Task details: When you reach the line containing "- Motion detection" in the records below, set it down exactly, together with every later line through the end, but not the pictures.

* * *

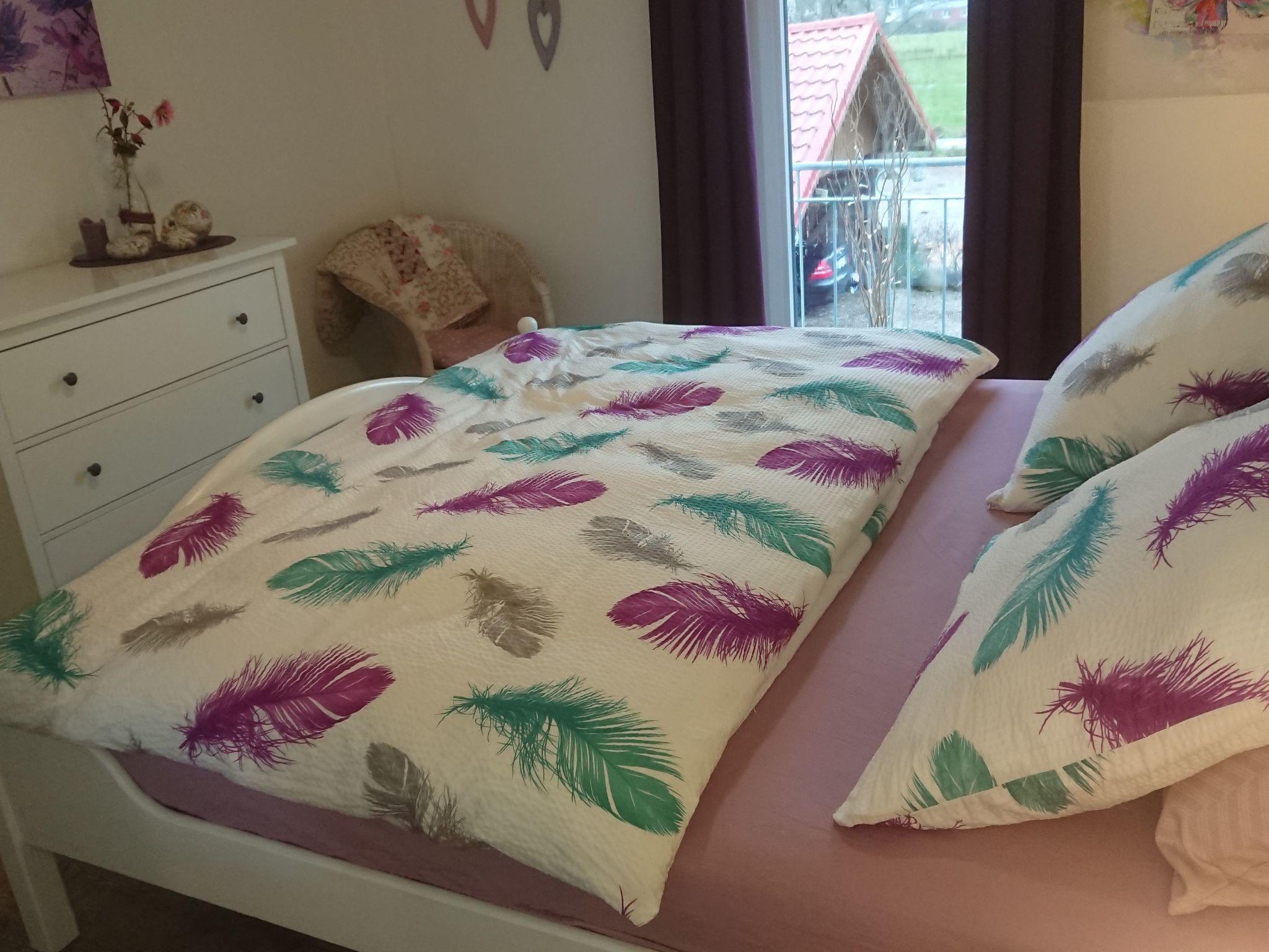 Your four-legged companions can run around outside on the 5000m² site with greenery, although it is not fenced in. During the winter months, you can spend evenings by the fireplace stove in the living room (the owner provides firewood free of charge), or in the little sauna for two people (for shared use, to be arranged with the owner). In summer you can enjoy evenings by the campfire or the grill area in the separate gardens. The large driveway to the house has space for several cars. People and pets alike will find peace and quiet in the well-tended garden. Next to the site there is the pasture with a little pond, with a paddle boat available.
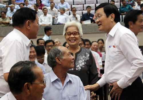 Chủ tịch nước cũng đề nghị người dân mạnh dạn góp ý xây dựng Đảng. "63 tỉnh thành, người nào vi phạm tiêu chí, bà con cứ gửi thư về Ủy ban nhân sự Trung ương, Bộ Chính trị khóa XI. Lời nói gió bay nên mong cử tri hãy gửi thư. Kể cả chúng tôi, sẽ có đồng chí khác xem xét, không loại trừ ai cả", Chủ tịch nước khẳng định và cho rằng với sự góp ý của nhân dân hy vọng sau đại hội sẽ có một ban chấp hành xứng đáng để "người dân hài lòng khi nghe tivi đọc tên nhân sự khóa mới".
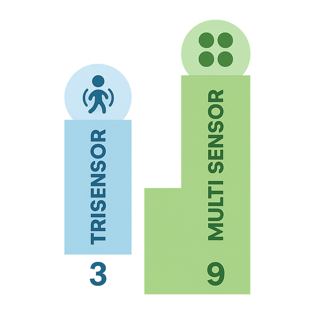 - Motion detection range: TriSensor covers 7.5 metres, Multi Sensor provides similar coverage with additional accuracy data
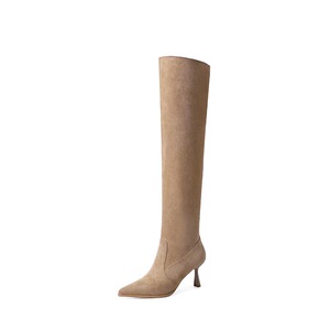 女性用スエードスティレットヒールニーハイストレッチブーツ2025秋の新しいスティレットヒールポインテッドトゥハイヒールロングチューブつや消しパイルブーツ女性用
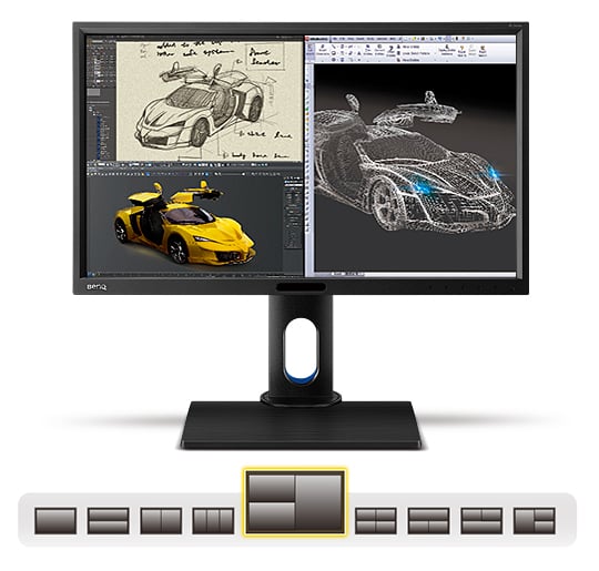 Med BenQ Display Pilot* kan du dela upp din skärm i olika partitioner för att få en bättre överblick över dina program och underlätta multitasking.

* * *

Exercise solution:
 - Motion detection range: TriSensor covers 7.5 metres, Multi Sensor provides similar coverage with additional accuracy data
 女性用スエードスティレットヒールニーハイストレッチブーツ2025秋の新しいスティレットヒールポインテッドトゥハイヒールロングチューブつや消しパイルブーツ女性用
 Med BenQ Display Pilot* kan du dela upp din skärm i olika partitioner för att få en bättre överblick över dina program och underlätta multitasking.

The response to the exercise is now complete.